• [THE INPUT]:
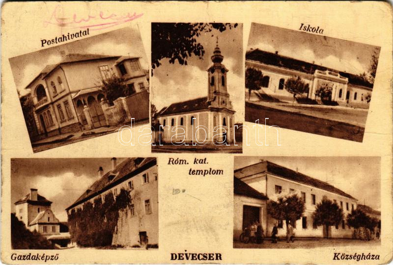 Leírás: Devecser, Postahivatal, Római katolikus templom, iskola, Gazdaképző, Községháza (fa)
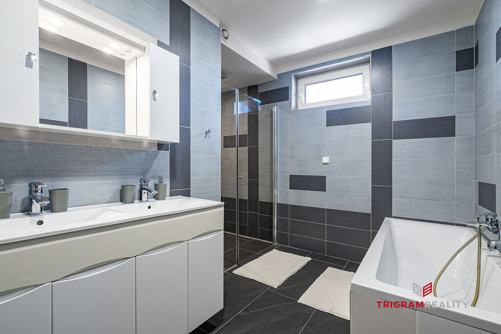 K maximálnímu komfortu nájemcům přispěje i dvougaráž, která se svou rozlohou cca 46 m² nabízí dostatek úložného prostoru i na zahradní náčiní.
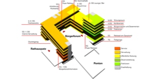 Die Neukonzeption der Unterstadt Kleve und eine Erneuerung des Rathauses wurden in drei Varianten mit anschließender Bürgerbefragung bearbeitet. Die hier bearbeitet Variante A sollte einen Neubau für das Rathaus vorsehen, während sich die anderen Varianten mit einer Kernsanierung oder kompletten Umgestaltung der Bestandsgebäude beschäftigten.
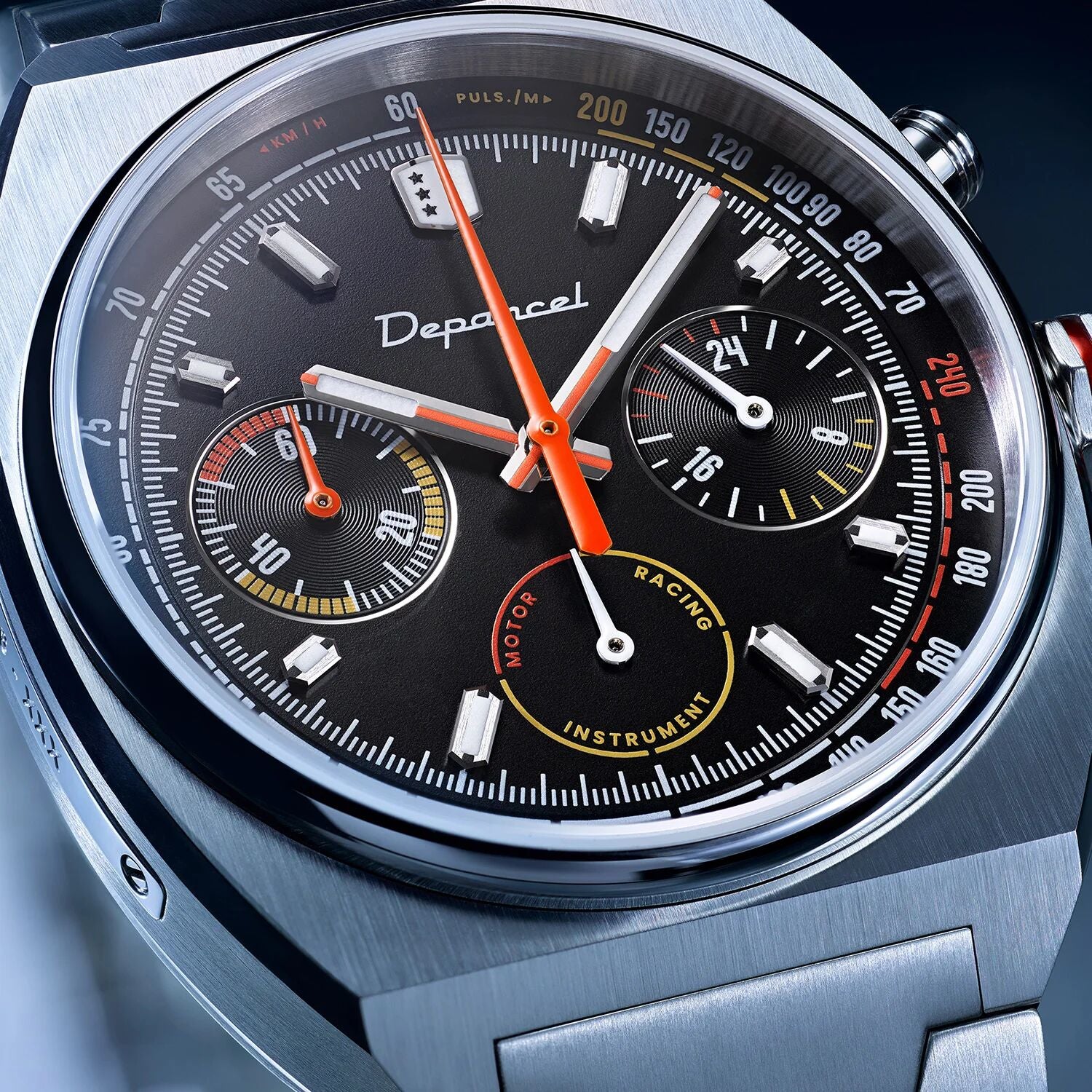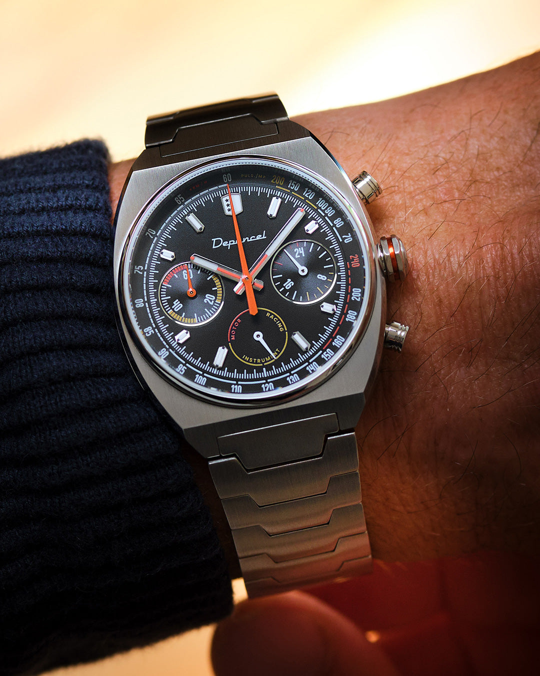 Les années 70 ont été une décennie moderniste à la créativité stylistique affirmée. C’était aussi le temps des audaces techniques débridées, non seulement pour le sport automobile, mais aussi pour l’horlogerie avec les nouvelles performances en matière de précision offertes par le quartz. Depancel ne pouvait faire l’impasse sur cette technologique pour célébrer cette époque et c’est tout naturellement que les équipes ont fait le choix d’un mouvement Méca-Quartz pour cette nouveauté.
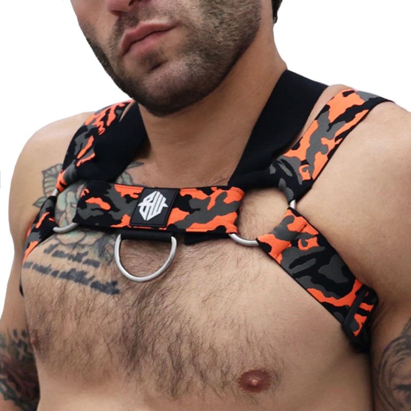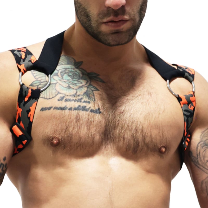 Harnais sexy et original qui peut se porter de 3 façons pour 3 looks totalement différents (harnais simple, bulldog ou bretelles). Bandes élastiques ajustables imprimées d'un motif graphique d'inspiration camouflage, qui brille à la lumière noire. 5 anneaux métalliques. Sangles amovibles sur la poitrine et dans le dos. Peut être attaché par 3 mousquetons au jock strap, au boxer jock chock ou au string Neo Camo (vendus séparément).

---

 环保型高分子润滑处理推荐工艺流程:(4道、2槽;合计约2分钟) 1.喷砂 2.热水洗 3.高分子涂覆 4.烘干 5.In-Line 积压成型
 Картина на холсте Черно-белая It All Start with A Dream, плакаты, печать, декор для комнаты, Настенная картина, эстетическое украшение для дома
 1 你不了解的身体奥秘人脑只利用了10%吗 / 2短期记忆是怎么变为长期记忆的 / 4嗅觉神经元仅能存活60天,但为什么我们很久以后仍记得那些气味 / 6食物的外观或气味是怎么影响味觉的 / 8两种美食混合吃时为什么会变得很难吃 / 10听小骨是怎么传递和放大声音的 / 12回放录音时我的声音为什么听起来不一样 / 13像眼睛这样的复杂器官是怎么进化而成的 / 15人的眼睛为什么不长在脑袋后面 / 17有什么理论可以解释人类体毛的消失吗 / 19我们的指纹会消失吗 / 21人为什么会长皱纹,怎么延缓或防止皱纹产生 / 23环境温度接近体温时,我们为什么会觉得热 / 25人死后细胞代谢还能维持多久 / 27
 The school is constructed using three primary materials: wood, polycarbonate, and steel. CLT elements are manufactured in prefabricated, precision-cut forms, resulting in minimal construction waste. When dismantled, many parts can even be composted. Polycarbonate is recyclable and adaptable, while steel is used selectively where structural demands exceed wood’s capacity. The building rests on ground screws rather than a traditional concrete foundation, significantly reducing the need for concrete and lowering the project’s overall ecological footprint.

==

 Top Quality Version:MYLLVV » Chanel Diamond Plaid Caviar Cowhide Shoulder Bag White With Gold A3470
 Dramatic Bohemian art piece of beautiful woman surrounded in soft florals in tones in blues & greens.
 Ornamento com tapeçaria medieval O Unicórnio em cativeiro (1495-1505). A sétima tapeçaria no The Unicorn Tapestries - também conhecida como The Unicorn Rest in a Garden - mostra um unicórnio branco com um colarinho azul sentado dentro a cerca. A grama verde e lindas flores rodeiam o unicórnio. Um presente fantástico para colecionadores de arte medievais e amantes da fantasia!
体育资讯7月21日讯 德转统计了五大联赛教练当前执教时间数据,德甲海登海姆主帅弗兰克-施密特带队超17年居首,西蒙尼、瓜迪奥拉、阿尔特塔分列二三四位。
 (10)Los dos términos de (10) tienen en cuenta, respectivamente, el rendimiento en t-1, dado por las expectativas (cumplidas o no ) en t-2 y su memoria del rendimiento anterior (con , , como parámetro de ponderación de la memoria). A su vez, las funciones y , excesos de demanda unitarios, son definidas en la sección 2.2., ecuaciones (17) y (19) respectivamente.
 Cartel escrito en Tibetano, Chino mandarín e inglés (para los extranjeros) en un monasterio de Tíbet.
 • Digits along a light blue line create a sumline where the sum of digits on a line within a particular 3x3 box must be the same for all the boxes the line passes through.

• [ACTIVITY]:
Name the number of lines in the listing that contain the word "para", and only that number.

• [EXPECTED ANSWER]:
2